[ih] archiving the history of Internet-History

Fri Aug 29 01:30:24 PDT 2025

John Levine via Internet-history <internet-history at elists.isoc.org> wrote:
> FWIW, the list archives are here and the Internet Archive drops by to save a copy every month or so.They go back to 2001.
> https://elists.isoc.org/pipermail/internet-history/

The Internet Archive crawls and saves the list archives bimonthly, only
because I have an Archive-It.org account (a service run by the Archive)
and ask them to.  See:

  https://archive-it.org/collections/15071

The saved web pages go into the Wayback Machine's permanent collection
as well as into my own little collection hosted at the Archive.  The
full text from the saved pages can also be searched in a search box at
the above URL (e.g. "flag day" produces hits on 9 sites, including 406
messages from this list).

If you know of other web sites that should be in such an archive of
Internet and Unix history, please suggest them to me.  I ask for
one-time or annual crawls of historical (unchanging) sites, and annual
or more frequent crawls of ones that get regular updates.

	John

PS: The Internet Archive's regular web crawls focus more on breadth than
depth, so they would otherwise miss crawling down to thousands of
messages from this list.  Also, a lot of web sites contain unintentional
(or sometimes intentional) "crawler traps" that require manual
configuration to avoid the crawler going down a rathole of
www.foo.bar/symlink/symlink/symlink/symlink/foo.html forever.
Archive-It provides ways to manually avoid such traps once your crawl
has run down them once.

PPS:
> Related museums have been contacted and are not available to support us.

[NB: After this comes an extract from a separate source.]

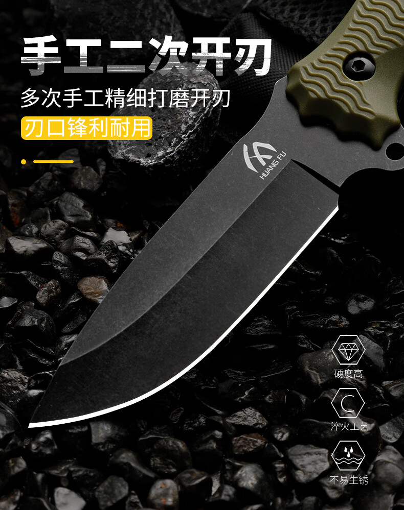 户外小刀露营防身直刀荒野求生锋利直刀战术刀随身求生刀高硬度刀 BG-001【黑色】

I bet I know somebody smart enough at the Computer History Museum to at
least subscribe a logfile to the existing list, which would accumulate
new messages on a CHM server.  And a simple wget command, run once,
would pull in the already-archived logfiles saved by Date to get all the
past postings to the list.  At current storage prices, this would cost
them a small rounding error.  Yes, it would break someday for a random
reason, but at least it would get all the discussions up to that point,
archived in a third place where neither an ISOC nor an IA failure could
touch them.